Key Questions & Considerations
1. What do the "top 1%" rankings actually mean for me?
They indicate this specific unit has a larger lot size allocation (or building footprint) than almost all other properties in its comparison groups. In practical terms, this could translate to a more spacious floor plan, larger rooms, or a better unit-to-common-area ratio than is typical.
2. The assessed value is lower than many in the area. Is this a concern?
Not necessarily. A lower assessment typically results in lower annual property taxes, which is a financial benefit. It may reflect the building's overall value or specific market conditions at the time of assessment rather than the unit's livability.
3. Who is this property not ideal for?
It's likely not suited for buyers seeking a premium, high-finish condo with amenities like underground parking, a pool, or a brand-new building. The focus here is on space and value within a solid, late-90s construction.
4. The 2023 sale price was below the current assessment. How should I interpret this?

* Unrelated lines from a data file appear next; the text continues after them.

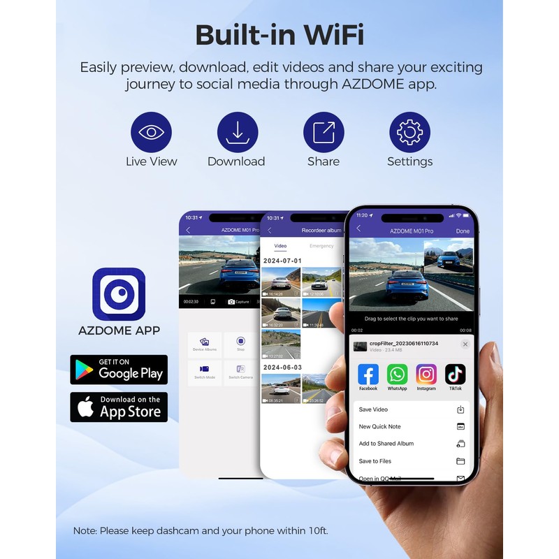 - Built in WiFi & GPS: AZDOME M01 MAX dashcam front and rear camera built-in WiFi 6. The WiFi 6 transmission speed is twice that of 2.4 GHz. Supplied with the "AZDOME" APP for Android or iOS smartphones to get a live stream, download videos, change settings, make edits and share your recordings easily. Built-in GPS allows you to track your driving route and location via the app or AZDOME GPS Player, providing important evidence in the event of an accident.
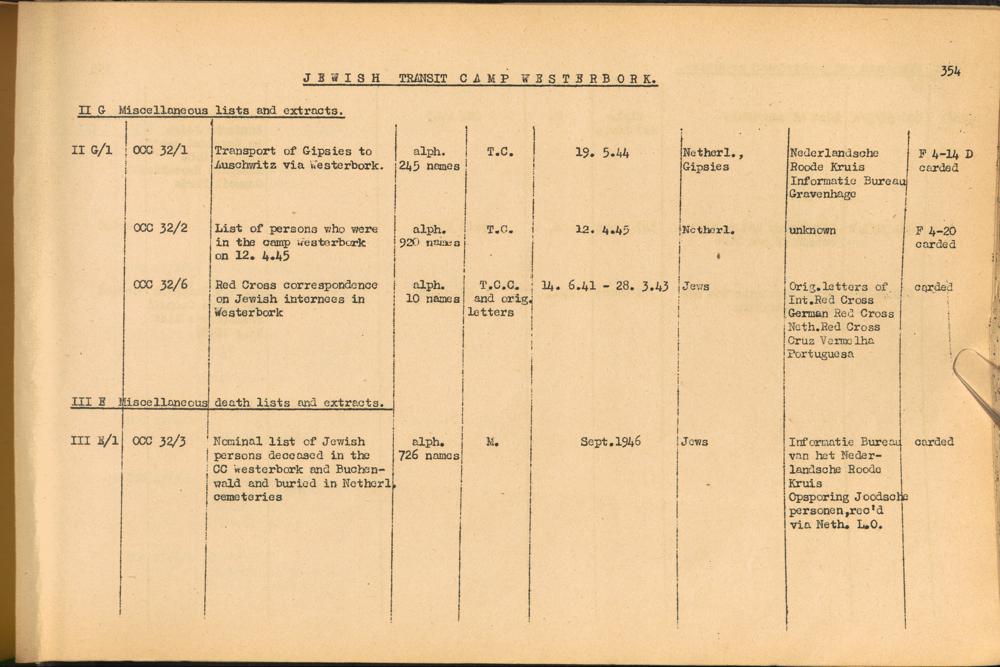 Band 2. Katalog der Konzentrationslager-Dokumente die sich bei dem International... Jewish Transit Camp Westerbork
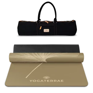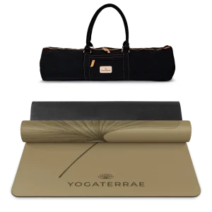 TAPIS DE YOGA GINKGOS BRONZE OLIVE LIGHT EN PU-CAOUTCHOUC NATUREL AVEC SAC
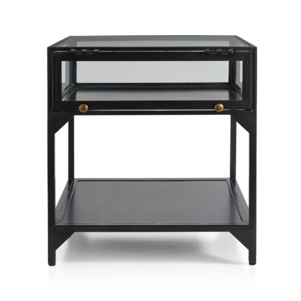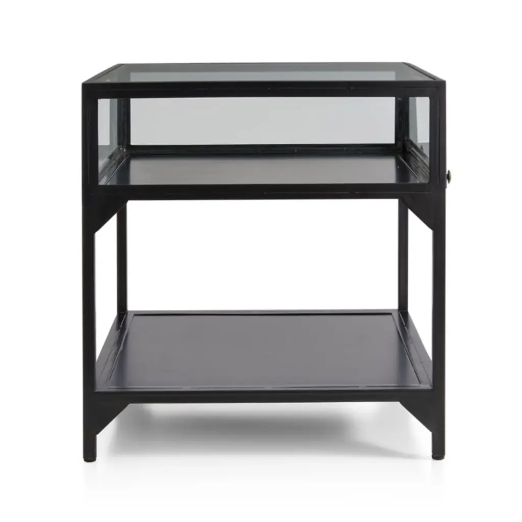 Ventana Black Glass Display End Table With Shelf
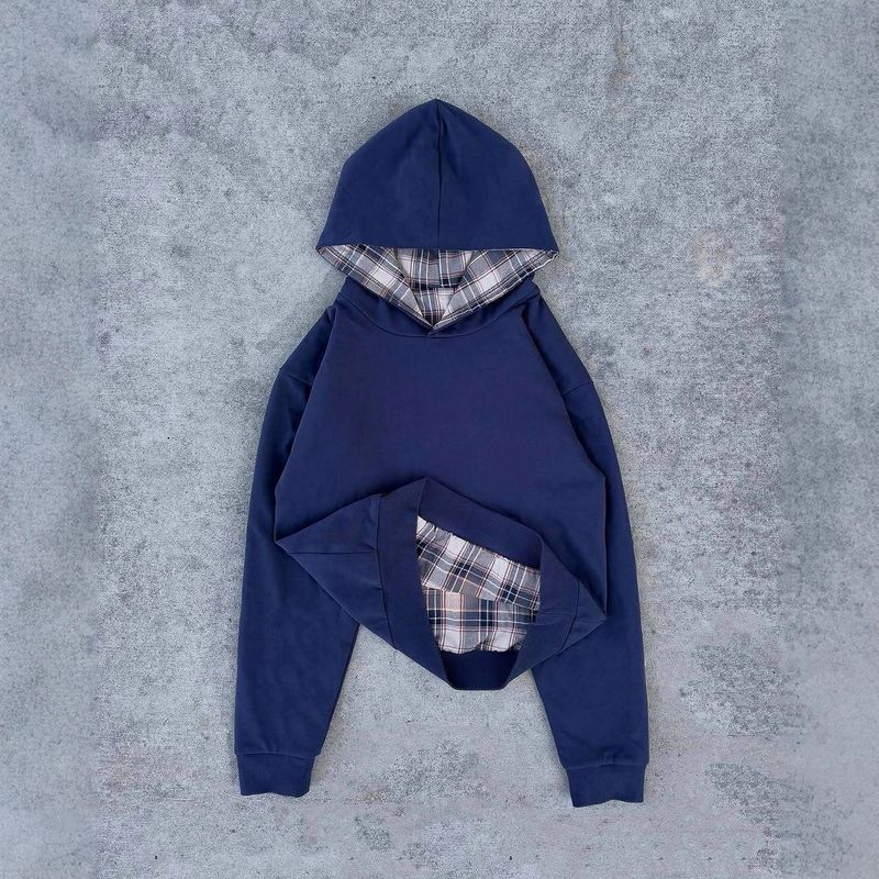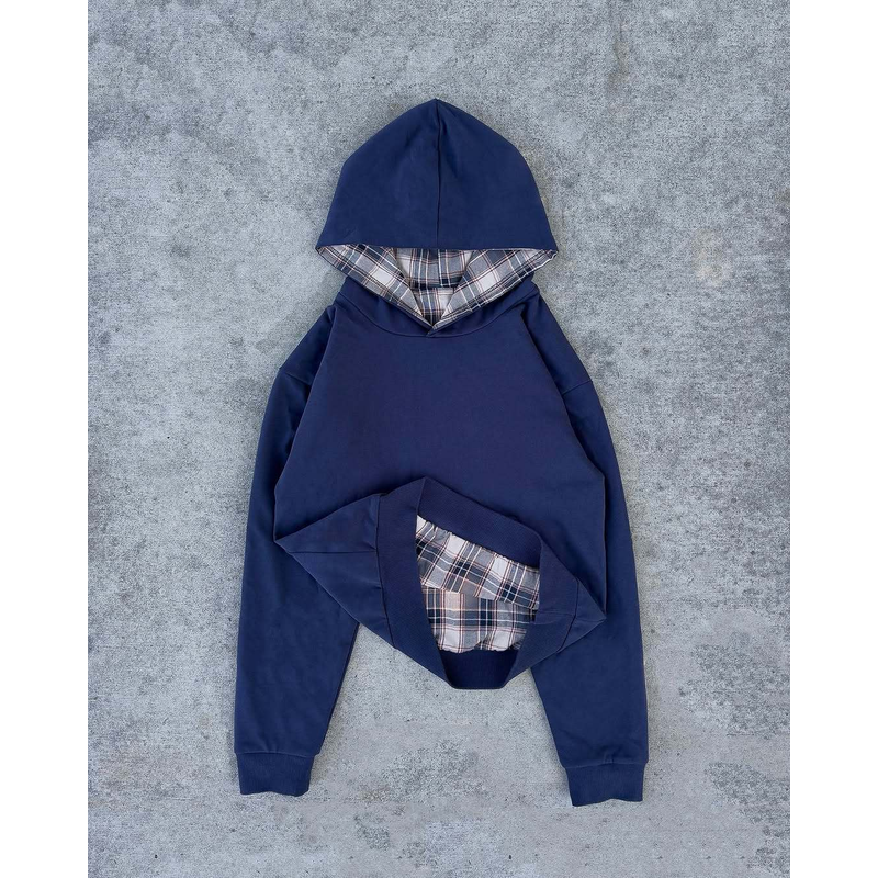 Hip Hop Double-sided Retro Plaid Casual Sweater Dark Blue XL
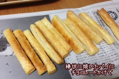 冷凍パイ生地を棒状に切って焼いたのに
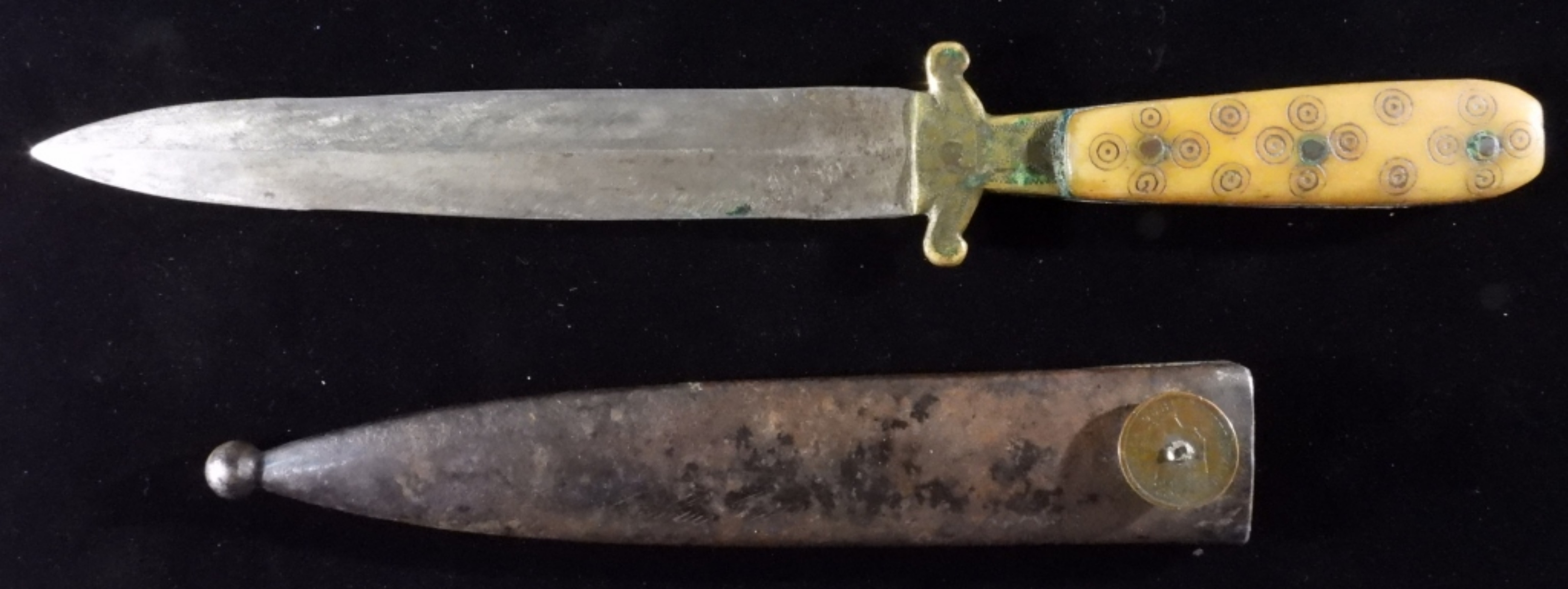 5 7/8inch Blade 10inch Long. The sheath is metal and has a 1896 Indian Head Penny on the sheath
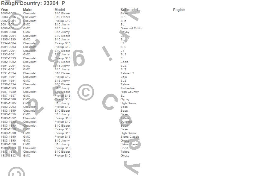 Below is an abbreviated list of applications for the N3 Shocks.S10 Blazer, S10 Pickup, S15 Jimmy, S15 Pickup, Chevrolet, GMC, 2005, 2004, 2003, 2002, 2001, 2000, 1999, 1998, 1997, 1996, 1995, 1994, 1993, 1992
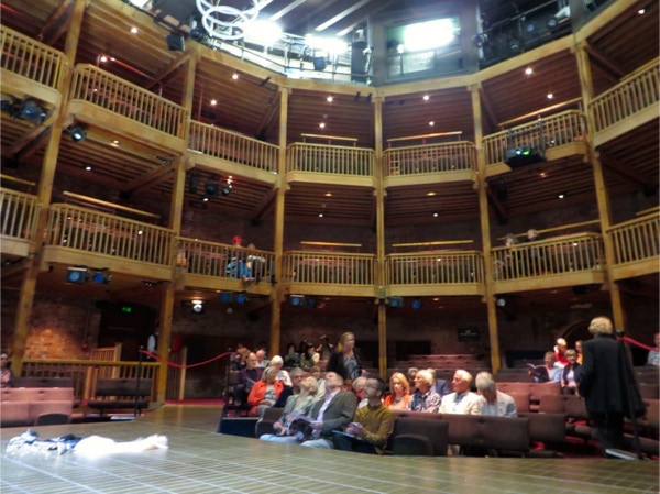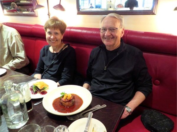 We had one last good breakfast with the Lyndalls at Ashbourne House in York. Paul and Julie were very nice, and though there isn’t air conditioning at the B & Bs we’ve stayed at, the room here had windows that opened and a nice ceiling fan. The parking was especially cramped, and you left your keys with Paul so he could move cars. All the places we’ve stayed at make it a challenge to dry and curl your hair, as bathrooms are like cruise ships and have no outlets for anything but shavers. Many B & Bs don’t have a mirror in the bedroom near an outlet either, so it isn’t always easy. We left York after breakfast to drive to Stratford Upon Avon, arriving a little after noon. This was the easiest drive of any as it was mostly 3 and 4-lane roads, with only short sections of 2-lanes. Jay drove the 150 miles in about 2 1/2 hours. Gayle had emailed us that they hoped to be on the train from Liverpool that arrived in Stratford at 12:41, so we drove to the train station and they arrived just a few minutes later. Back to Arden Way Guesthouse, where Jeanne had our rooms ready. We walked a short distance to Le Pierre Bistro, where we had a nice lunch of salads (Jay had steak and frites and Jerry had pigeon in puff pastry for an appetizer). After lunch the Dustruds went for a walk around town, and we drove about a mile to Anne Hathaway’s (Shakespeare’s wife) Cottage with the Lyndalls. The exterior is very attractive and the gardens beautiful (we were in Stratford and Bath many years ago but don’t remember exactly where we went—it was before the time of digital cameras and Jay uploading and labeling pictures every evening). We met up with the Dustruds and all walked across the Avon to an Italian restaurant called Carluccios. We had very good food and good-humored waiters. After dinner we walked the short distance to the Royal Shakespeare Theatre where we saw The White Devil in the small Swan theatre. It was quite a strange story and none of us totally understood why they were all killing each other. We were in the first and second rows, right next to the thrust stage, and at one point Jerry became part of the show when a note a character was talking about was dropped, intentionally, in his lap. The actors were only a few feet from us at times, and they often made eye contact. It was a unique theater experience for all of us. We were all tired and went to bed after our short walk from the theater to the B & B.
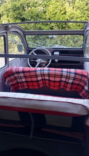 Aujourd'hui, on a mis les banquettes, la capote, la malle arrières, les pare soleil et j'ai installé dans la malle la roue de secours + le cric + la manivelle + la cale en bois + le cache calandre quand il fait froid.
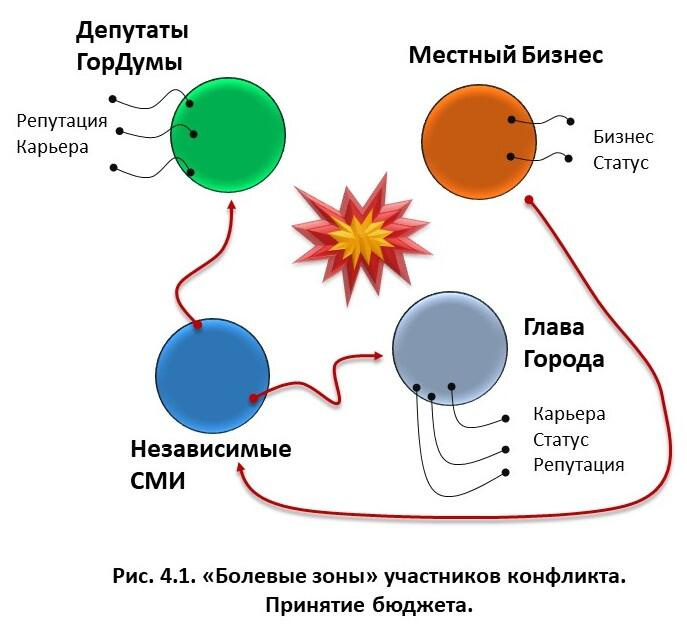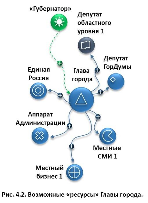 Однако здесь необходимо учитывать специфику уже не «любовных» отношений, а, особенности общественно-политической сферы в целом (и тех норм и правил, по которым она живет), с одной стороны, и то, что ресурсы участников таких ситуаций будут несколько иными с другой. Об этом речь пойдет ниже, сейчас же в качестве примера приведем возможные ресурсы Главы города, которые он может использовать для влияния на конфликт, связанный с принятием бюджета (см. Рис. 4.2.). При этом, еще раз повторимся, что «выявить» данные ресурсы и «болевые зоны» каждого участника публичных конфликтов, как правило, не представляет особого труда, используя только открытые источники информации (официальные сайты органов власти, публикации СМИ, материалы местных форумов и т. п.).
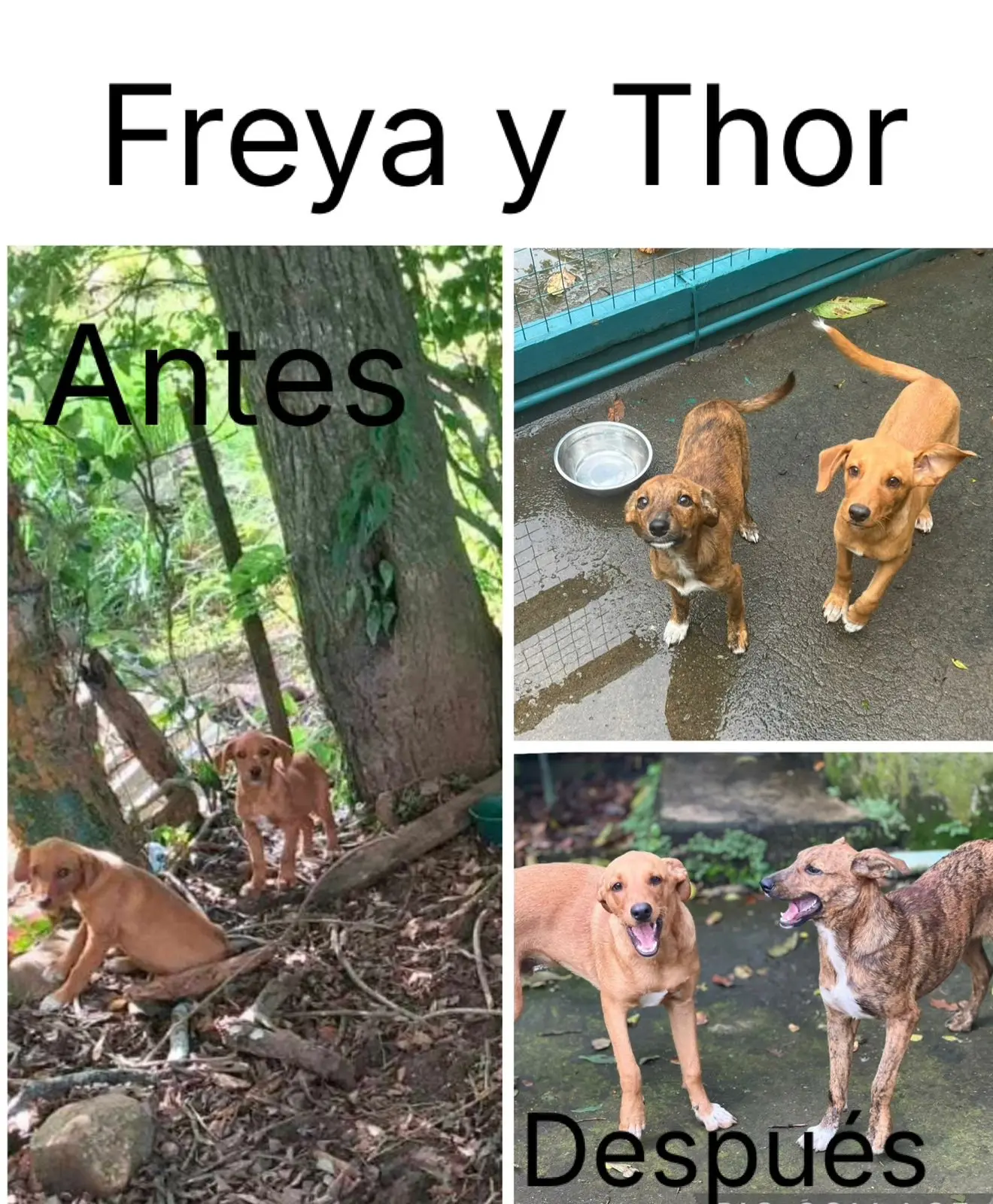 Thor (7 meses) es el hermano colorado de Freya. Rescatado a los 4 meses, está castrado, vacunado y lleno de energía. Adopción conjunta con Freya es bienvenida, pero no obligatoria.
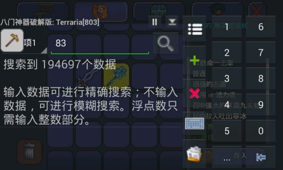 打開八門神器和游戲,無前綴的數(shù)值為0,搜索一個(gè)武器的前綴數(shù)值(如:“大的”數(shù)值為1),再把你要修改的武器或飾品移到剛才那個(gè)格子里,搜索它當(dāng)前的數(shù)值,反復(fù)如此,直到剩下一個(gè)數(shù)據(jù)時(shí)修改你想修改的前綴數(shù)值即可。
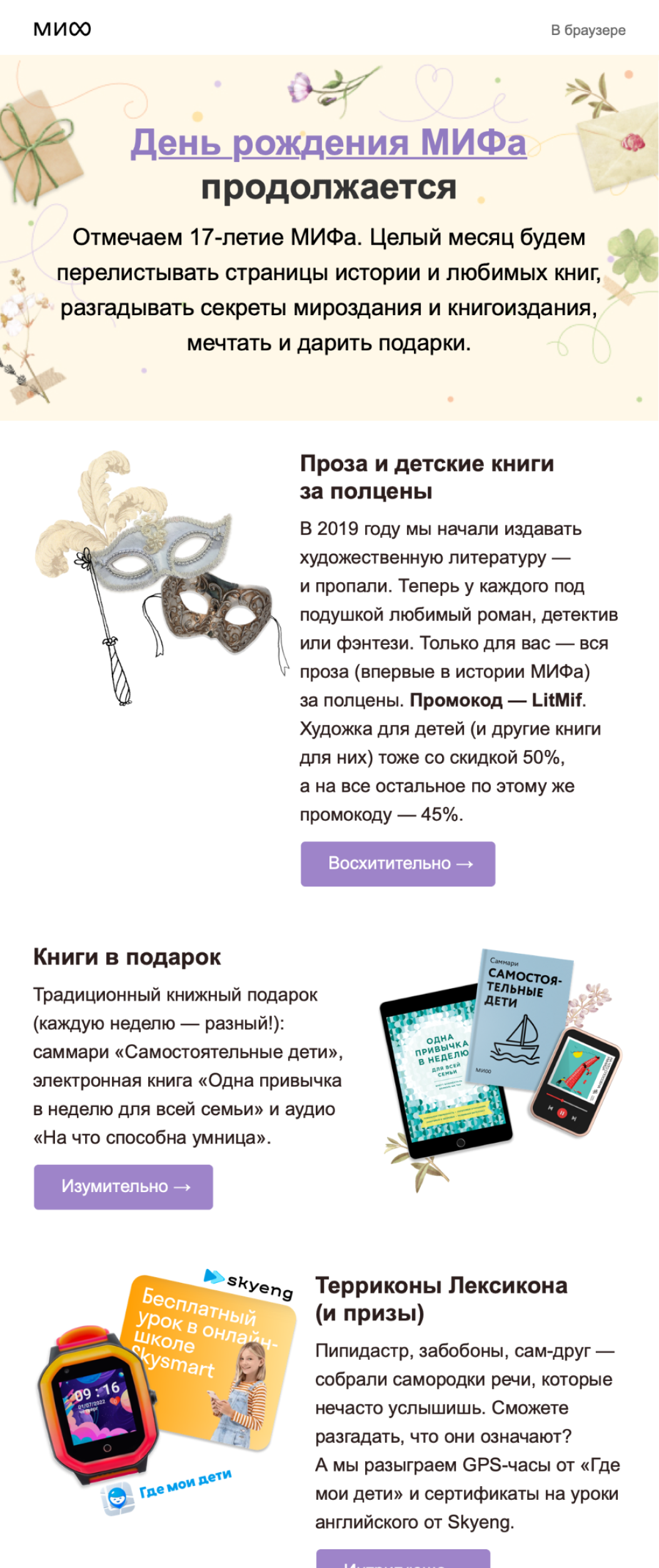 Яркий баннер и лаконичные блоки с понятной структурой. Что еще нужно для хорошего промописьма?
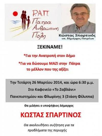 Την Τετάρτη, 26 Μαρτίου, και ώρα 6.30 μ.μ., ο υποψήφιος Δήμαρχος Κώστας Σπαρτινός θα μιλήσει σε ανοικτή εκδήλωση, στο καφενείο "Το Ζαβλάνι", Πανεπιστημίου και Φλωρίνης 3 (στάση Φίλιππα).

The sale price reflects what a buyer was willing to pay in a specific market moment. It suggests the unit may offer value, but it's essential to understand the context of that sale (e.g., condition, motivation) and compare it to current market conditions.
5. What are the less obvious things to consider?
The "newness" ranking is strong, meaning major building components like roofs and windows are likely more recent than in many older buildings, potentially reducing near-term special levy risks. However, as a 27-year-old building, a review of the condo's reserve fund study and minutes for upcoming maintenance is crucial. Also, the lack of a garage means factoring in the cost and availability of street or surface parking.